• _TASK BRIEF_:
Would you transcribe the records below from the line with "8. Depress the" to the line with "Schedline Protos White", ends included, exactly and with nothing more, leaving the pictures out?

• _PROVIDED MATERIAL_:
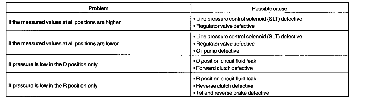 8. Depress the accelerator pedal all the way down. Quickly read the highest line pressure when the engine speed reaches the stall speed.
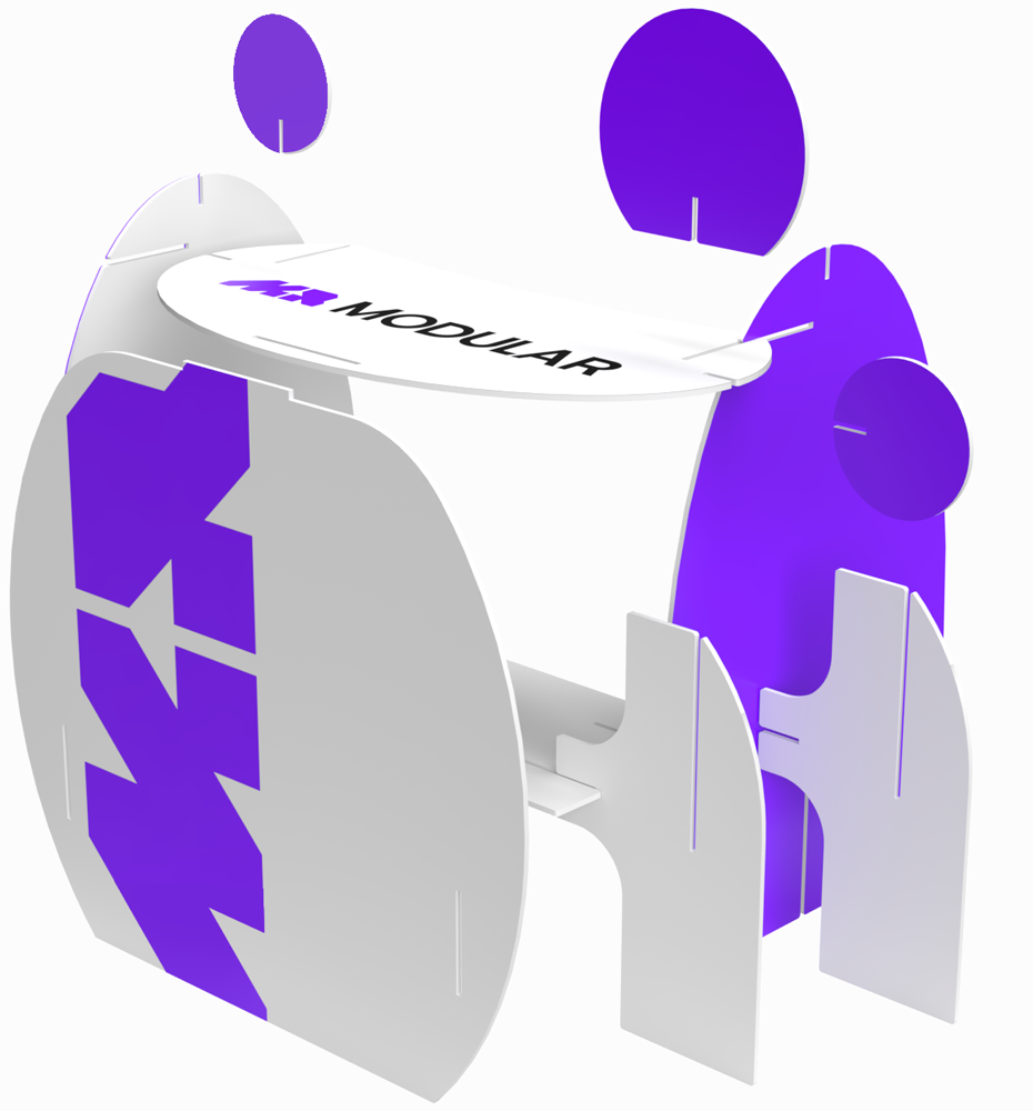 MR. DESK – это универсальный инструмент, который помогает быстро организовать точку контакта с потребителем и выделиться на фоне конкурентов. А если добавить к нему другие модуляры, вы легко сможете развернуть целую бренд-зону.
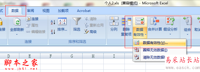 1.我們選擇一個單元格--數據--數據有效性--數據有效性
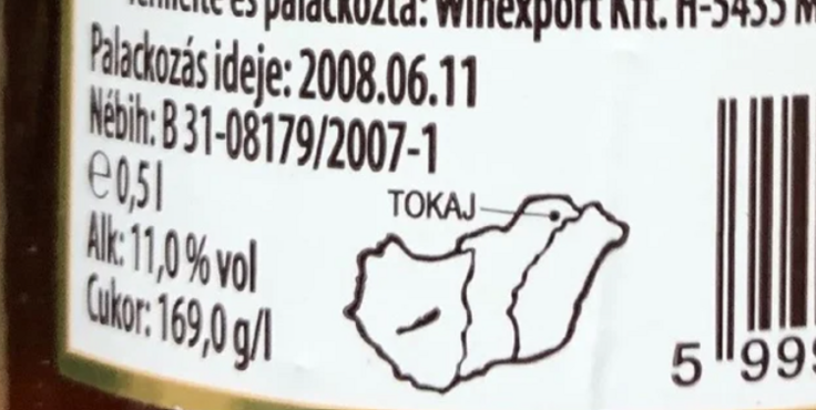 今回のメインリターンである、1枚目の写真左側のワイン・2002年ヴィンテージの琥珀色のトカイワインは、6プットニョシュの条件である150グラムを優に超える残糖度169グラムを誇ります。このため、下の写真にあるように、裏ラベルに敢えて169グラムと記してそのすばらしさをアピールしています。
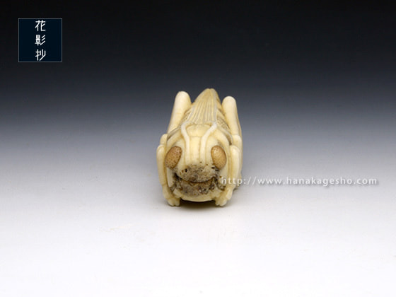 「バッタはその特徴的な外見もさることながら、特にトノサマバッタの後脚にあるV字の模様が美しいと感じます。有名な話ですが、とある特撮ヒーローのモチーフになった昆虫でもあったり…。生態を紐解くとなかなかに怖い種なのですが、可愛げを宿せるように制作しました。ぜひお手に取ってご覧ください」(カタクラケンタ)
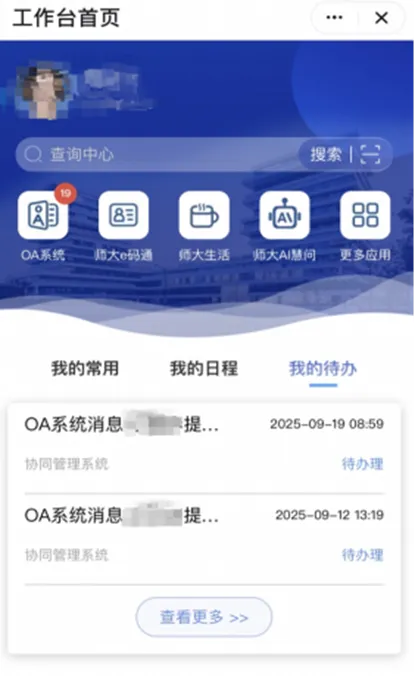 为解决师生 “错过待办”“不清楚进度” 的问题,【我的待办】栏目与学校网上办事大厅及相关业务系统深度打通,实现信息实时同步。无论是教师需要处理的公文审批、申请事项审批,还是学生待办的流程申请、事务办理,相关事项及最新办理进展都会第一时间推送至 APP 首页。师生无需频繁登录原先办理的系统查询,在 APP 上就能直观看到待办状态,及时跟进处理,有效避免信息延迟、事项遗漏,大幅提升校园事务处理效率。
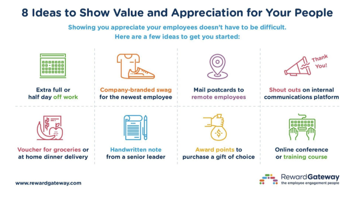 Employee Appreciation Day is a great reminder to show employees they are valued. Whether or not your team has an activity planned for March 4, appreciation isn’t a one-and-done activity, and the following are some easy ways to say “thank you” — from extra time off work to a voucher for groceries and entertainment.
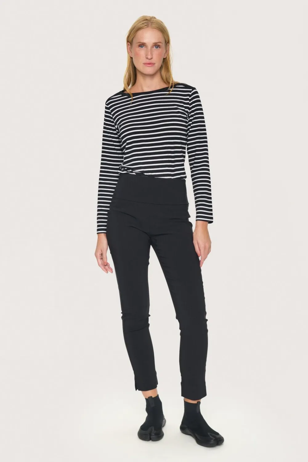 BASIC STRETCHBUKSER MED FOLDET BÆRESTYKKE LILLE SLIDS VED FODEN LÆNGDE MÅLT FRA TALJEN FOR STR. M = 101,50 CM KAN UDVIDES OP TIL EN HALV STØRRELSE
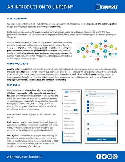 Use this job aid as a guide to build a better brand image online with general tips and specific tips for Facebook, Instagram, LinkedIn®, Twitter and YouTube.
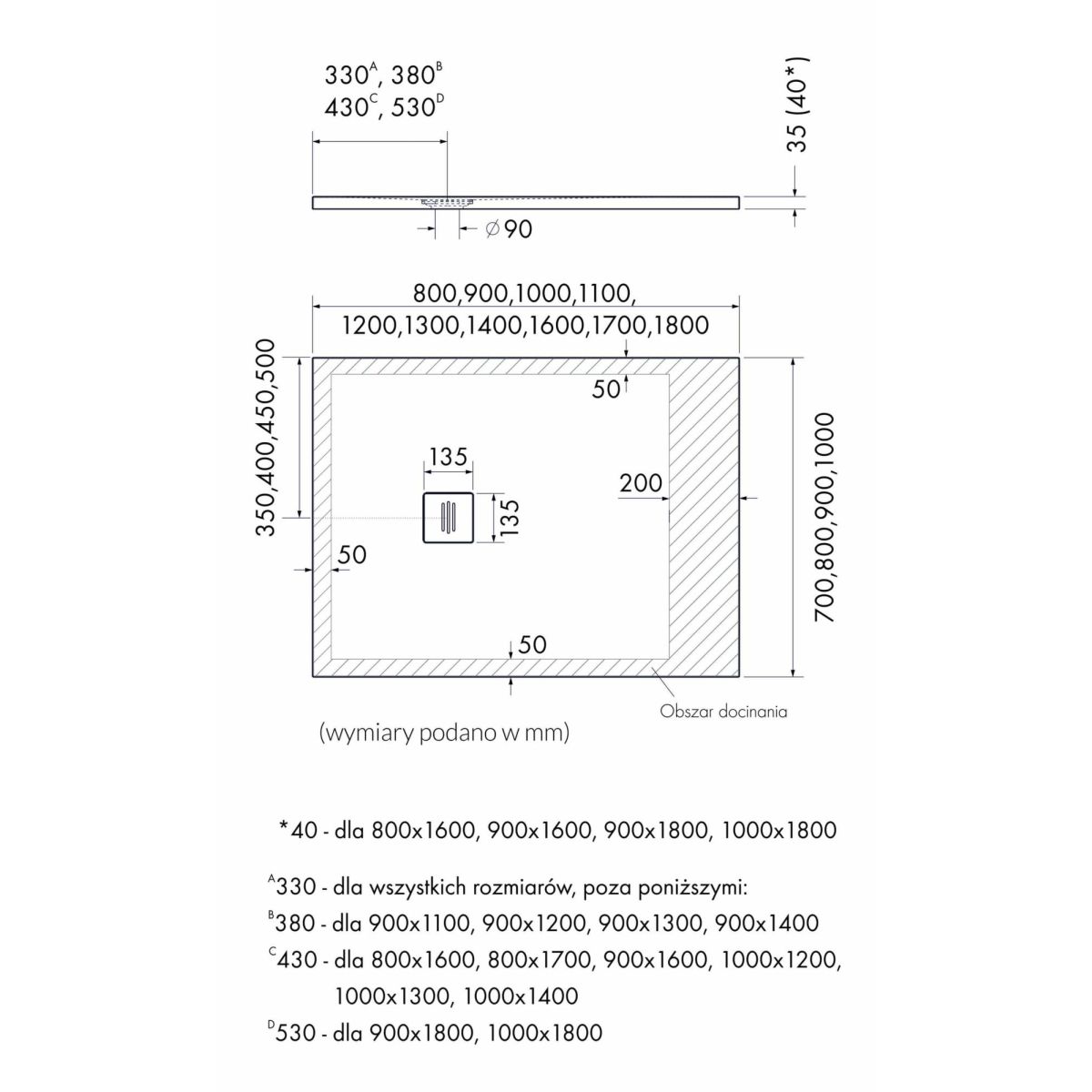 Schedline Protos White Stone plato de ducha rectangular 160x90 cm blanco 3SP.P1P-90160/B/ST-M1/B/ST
...
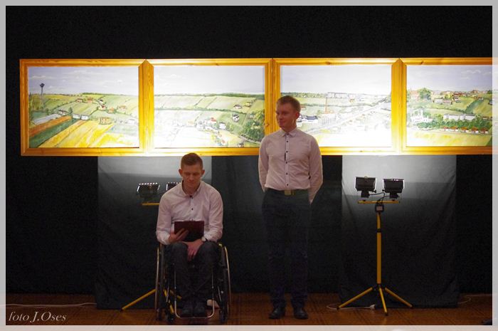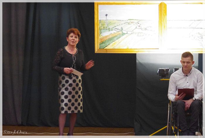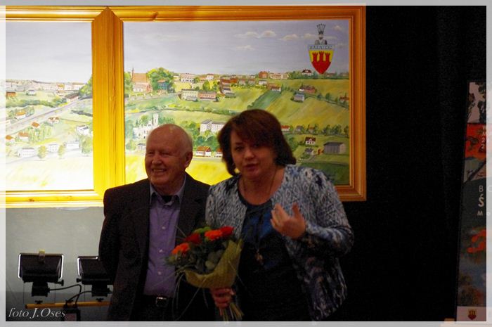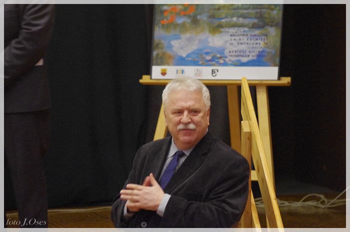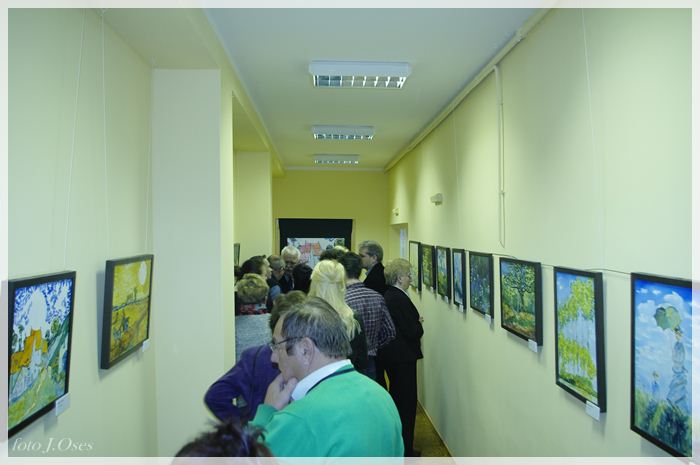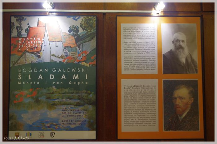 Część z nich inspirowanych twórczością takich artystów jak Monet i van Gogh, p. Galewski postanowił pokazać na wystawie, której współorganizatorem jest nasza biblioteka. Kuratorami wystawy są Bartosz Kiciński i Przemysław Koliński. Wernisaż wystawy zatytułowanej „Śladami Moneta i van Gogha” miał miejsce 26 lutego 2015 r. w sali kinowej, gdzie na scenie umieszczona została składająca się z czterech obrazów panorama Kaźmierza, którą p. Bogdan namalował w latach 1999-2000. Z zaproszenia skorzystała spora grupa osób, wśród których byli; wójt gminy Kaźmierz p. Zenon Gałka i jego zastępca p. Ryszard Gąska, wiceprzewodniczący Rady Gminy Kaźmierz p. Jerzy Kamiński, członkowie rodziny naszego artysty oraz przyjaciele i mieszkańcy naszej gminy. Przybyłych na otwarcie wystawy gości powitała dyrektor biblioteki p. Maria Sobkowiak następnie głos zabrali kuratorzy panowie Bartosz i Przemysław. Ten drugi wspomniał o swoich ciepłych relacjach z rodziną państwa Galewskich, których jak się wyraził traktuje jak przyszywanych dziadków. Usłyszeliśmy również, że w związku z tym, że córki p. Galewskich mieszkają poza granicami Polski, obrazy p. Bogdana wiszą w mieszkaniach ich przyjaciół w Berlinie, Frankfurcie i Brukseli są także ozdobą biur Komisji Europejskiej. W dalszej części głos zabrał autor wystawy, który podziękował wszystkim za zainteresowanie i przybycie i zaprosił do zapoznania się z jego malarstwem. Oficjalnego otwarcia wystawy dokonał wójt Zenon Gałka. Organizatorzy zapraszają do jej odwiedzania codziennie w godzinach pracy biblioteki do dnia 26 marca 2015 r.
...
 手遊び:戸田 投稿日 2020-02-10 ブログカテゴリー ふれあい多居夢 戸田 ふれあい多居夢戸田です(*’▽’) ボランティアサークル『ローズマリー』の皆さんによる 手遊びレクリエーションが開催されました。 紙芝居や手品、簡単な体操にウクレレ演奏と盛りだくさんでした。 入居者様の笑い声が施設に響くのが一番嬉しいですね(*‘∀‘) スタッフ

• _RESPONSE_:
 8. Depress the accelerator pedal all the way down. Quickly read the highest line pressure when the engine speed reaches the stall speed.
 MR. DESK – это универсальный инструмент, который помогает быстро организовать точку контакта с потребителем и выделиться на фоне конкурентов. А если добавить к нему другие модуляры, вы легко сможете развернуть целую бренд-зону.
 1.我們選擇一個單元格--數據--數據有效性--數據有效性
 今回のメインリターンである、1枚目の写真左側のワイン・2002年ヴィンテージの琥珀色のトカイワインは、6プットニョシュの条件である150グラムを優に超える残糖度169グラムを誇ります。このため、下の写真にあるように、裏ラベルに敢えて169グラムと記してそのすばらしさをアピールしています。
 「バッタはその特徴的な外見もさることながら、特にトノサマバッタの後脚にあるV字の模様が美しいと感じます。有名な話ですが、とある特撮ヒーローのモチーフになった昆虫でもあったり…。生態を紐解くとなかなかに怖い種なのですが、可愛げを宿せるように制作しました。ぜひお手に取ってご覧ください」(カタクラケンタ)
 为解决师生 “错过待办”“不清楚进度” 的问题,【我的待办】栏目与学校网上办事大厅及相关业务系统深度打通,实现信息实时同步。无论是教师需要处理的公文审批、申请事项审批,还是学生待办的流程申请、事务办理,相关事项及最新办理进展都会第一时间推送至 APP 首页。师生无需频繁登录原先办理的系统查询,在 APP 上就能直观看到待办状态,及时跟进处理,有效避免信息延迟、事项遗漏,大幅提升校园事务处理效率。
 Employee Appreciation Day is a great reminder to show employees they are valued. Whether or not your team has an activity planned for March 4, appreciation isn’t a one-and-done activity, and the following are some easy ways to say “thank you” — from extra time off work to a voucher for groceries and entertainment.
 BASIC STRETCHBUKSER MED FOLDET BÆRESTYKKE LILLE SLIDS VED FODEN LÆNGDE MÅLT FRA TALJEN FOR STR. M = 101,50 CM KAN UDVIDES OP TIL EN HALV STØRRELSE
 Use this job aid as a guide to build a better brand image online with general tips and specific tips for Facebook, Instagram, LinkedIn®, Twitter and YouTube.
 Schedline Protos White Stone plato de ducha rectangular 160x90 cm blanco 3SP.P1P-90160/B/ST-M1/B/ST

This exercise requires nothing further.